Directions
Copy exactly the lines from the one containing "Friendship House provides" through the last line of the records below, both included, and leave out the pictures.

Available records
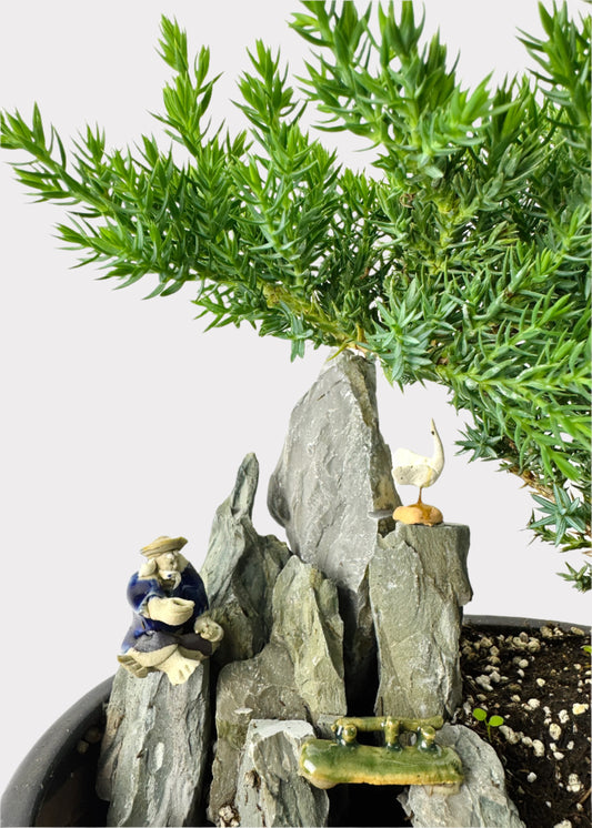 Juniper Bonsai with Pond (Assorted Ceramic Colors)
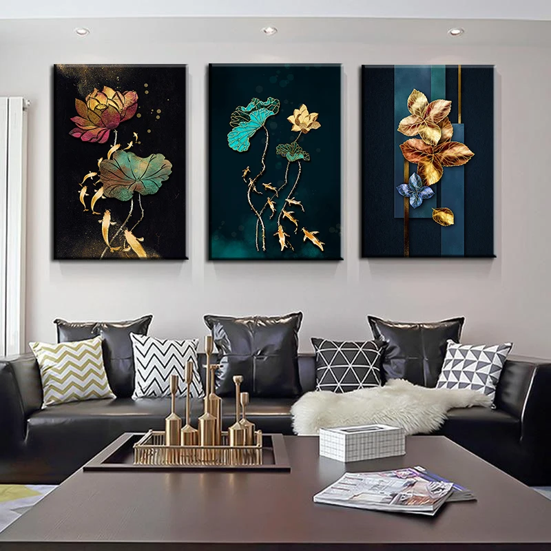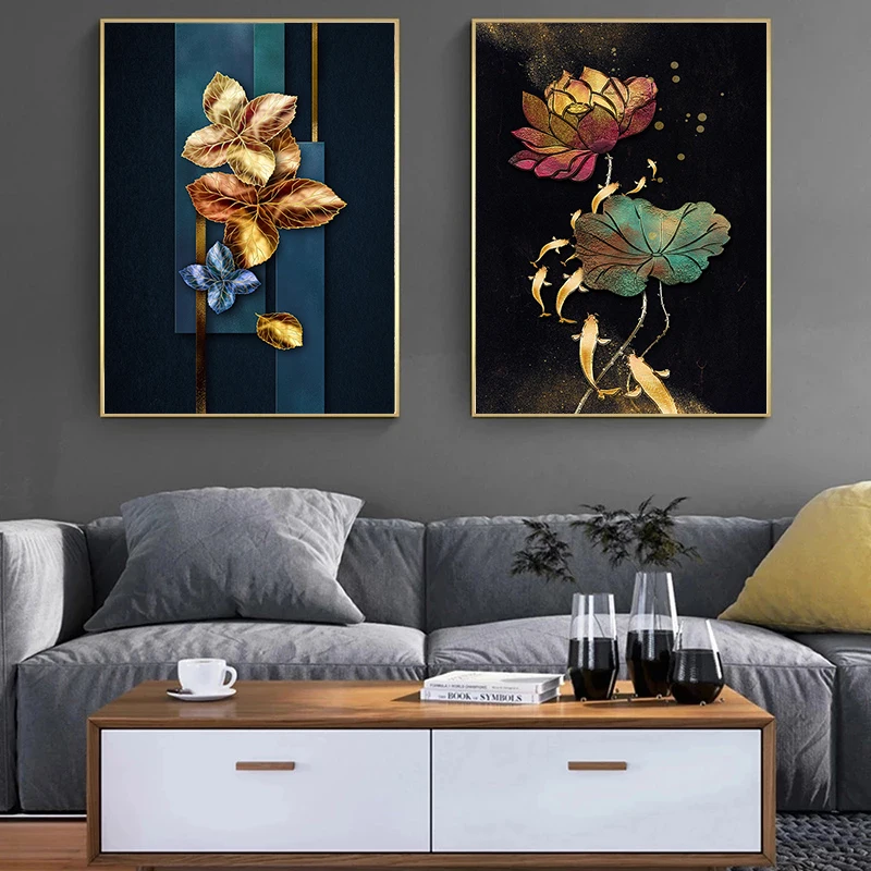 Роскошный абстрактный лист лотоса золотистый темный фон холст картина настенные картины постер Куадрос гостиная украшение для дома
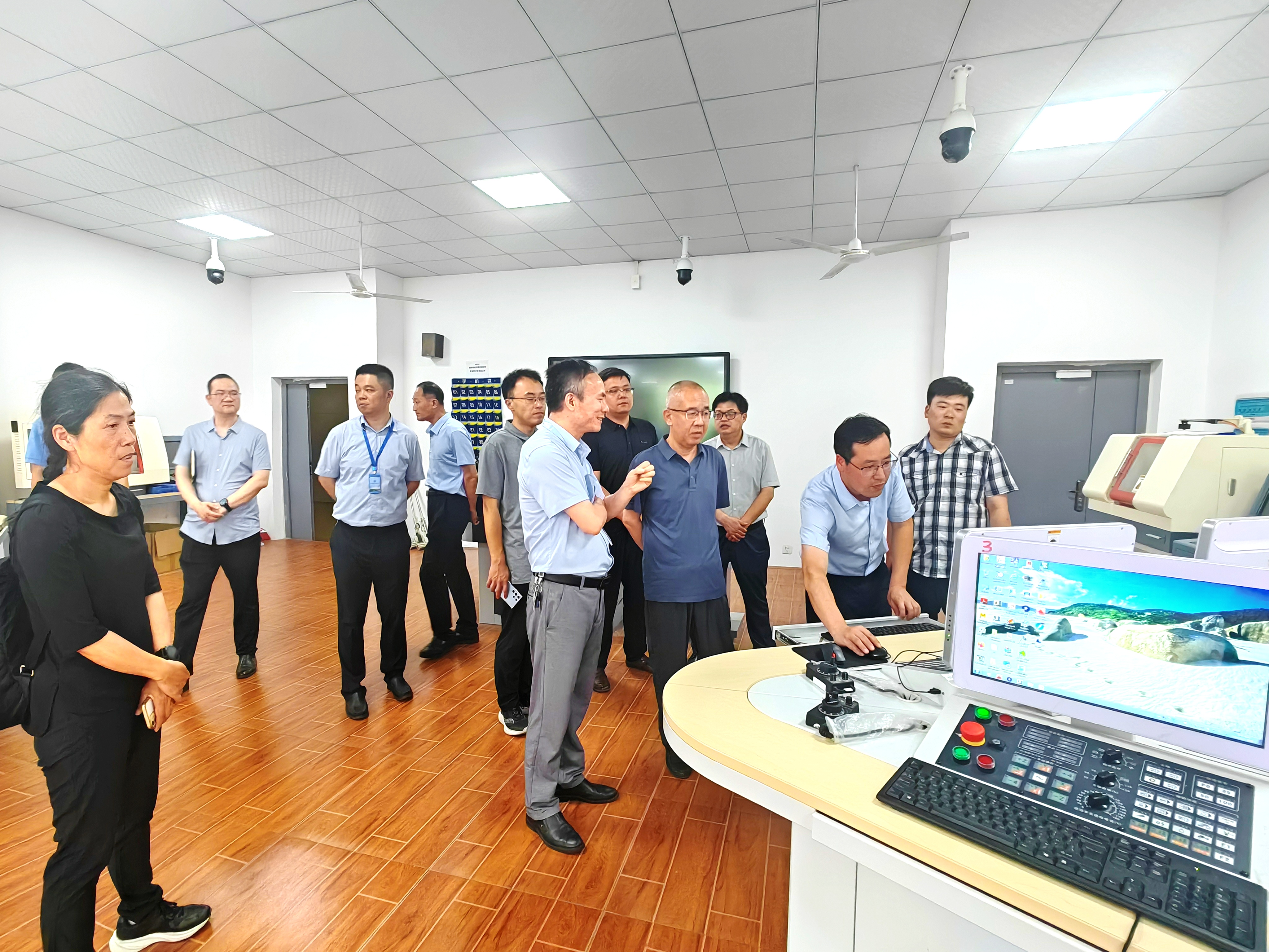 在校长檀明的带领下,调研组一行深入参观了信息工程与传媒学院的新一代信息技术产教融合实训基地,机电工程学院的工业软件综合仿真实训室和轨道交通学院的车辆虚拟仿真实训室。
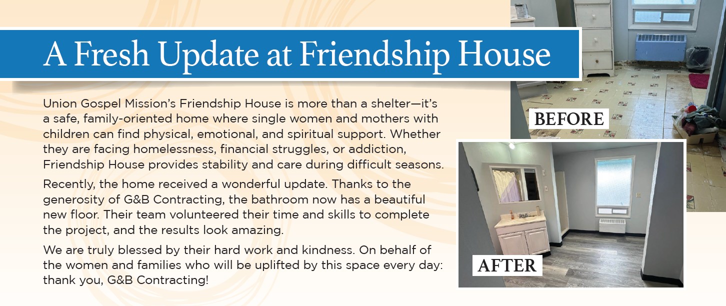 Friendship House provides hope and help for single women and mothers with children. Whether they are seeking shelter because of homelessness, addiction, or financial problems, women and children find the physical, emotional and spiritual support they need each year in our safe, family-oriented housing.
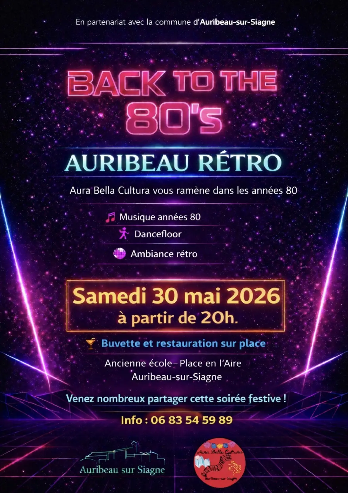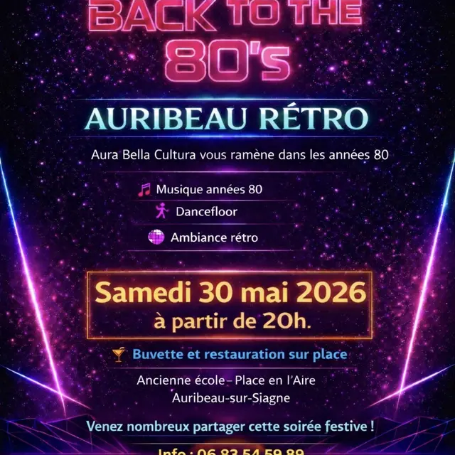 Aura Bella Cultura vous ramène dans les années 80 ! Buvette et restauration sur place. Venez nombreux partager cette soirée festive !
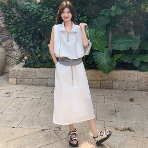 【set】カジュアルノースリーブトップス×ロングスカートセット Q6189
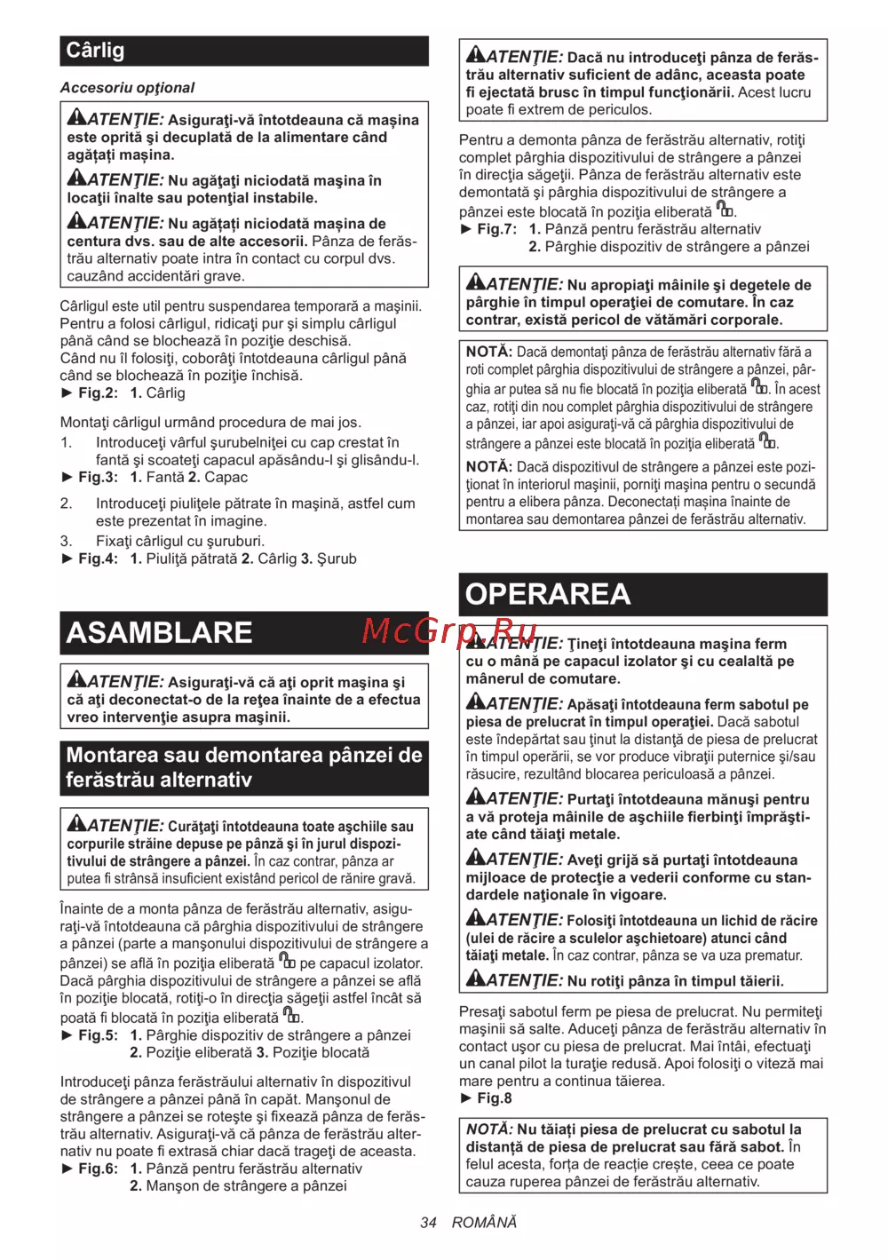 - Montarea sau demontarea pânzei de ferăstrău alternativ p.34
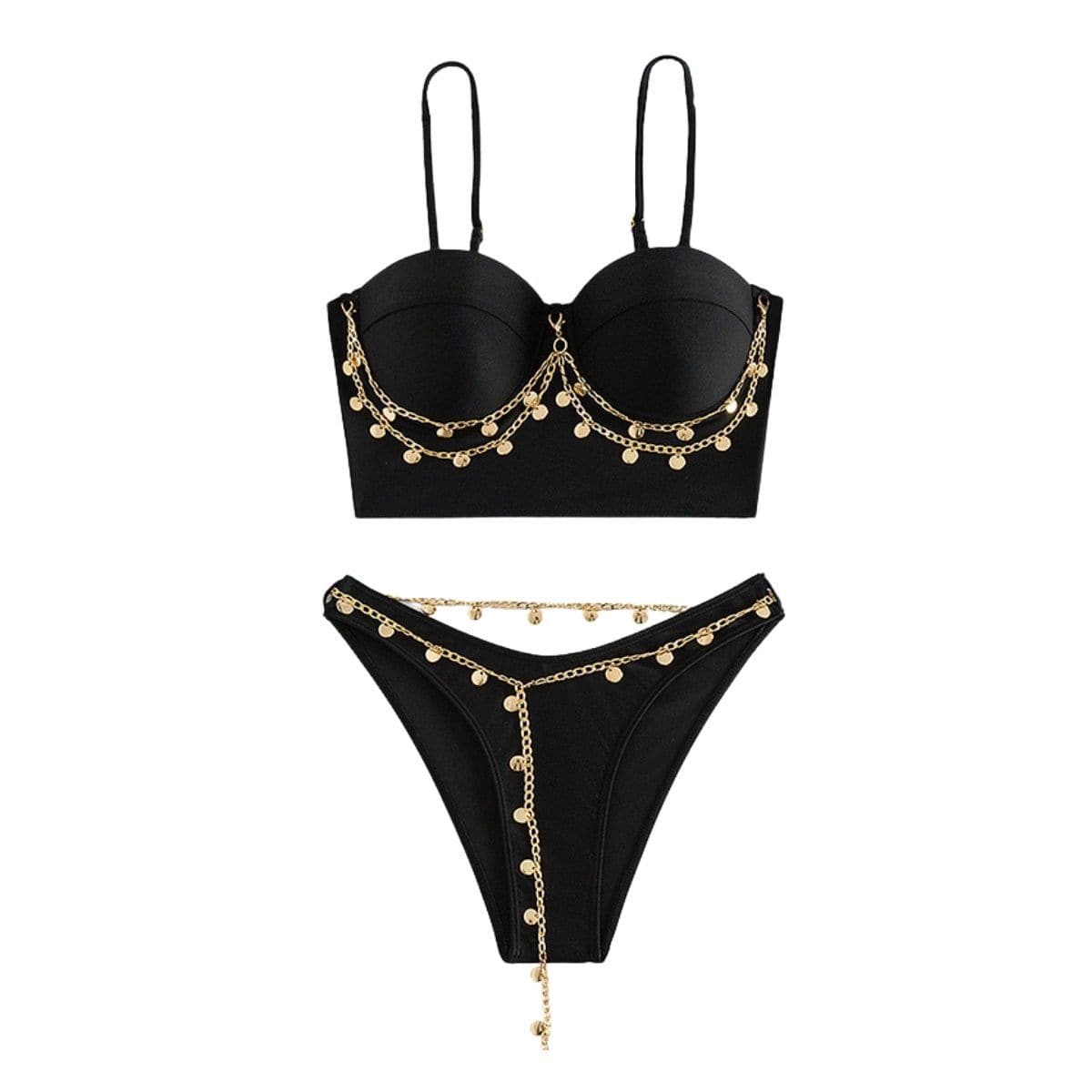 Metal chain padded sweetheart neck cami bikini swimwear

Response
 Friendship House provides hope and help for single women and mothers with children. Whether they are seeking shelter because of homelessness, addiction, or financial problems, women and children find the physical, emotional and spiritual support they need each year in our safe, family-oriented housing.
 Aura Bella Cultura vous ramène dans les années 80 ! Buvette et restauration sur place. Venez nombreux partager cette soirée festive !
 【set】カジュアルノースリーブトップス×ロングスカートセット Q6189
 - Montarea sau demontarea pânzei de ferăstrău alternativ p.34
 Metal chain padded sweetheart neck cami bikini swimwear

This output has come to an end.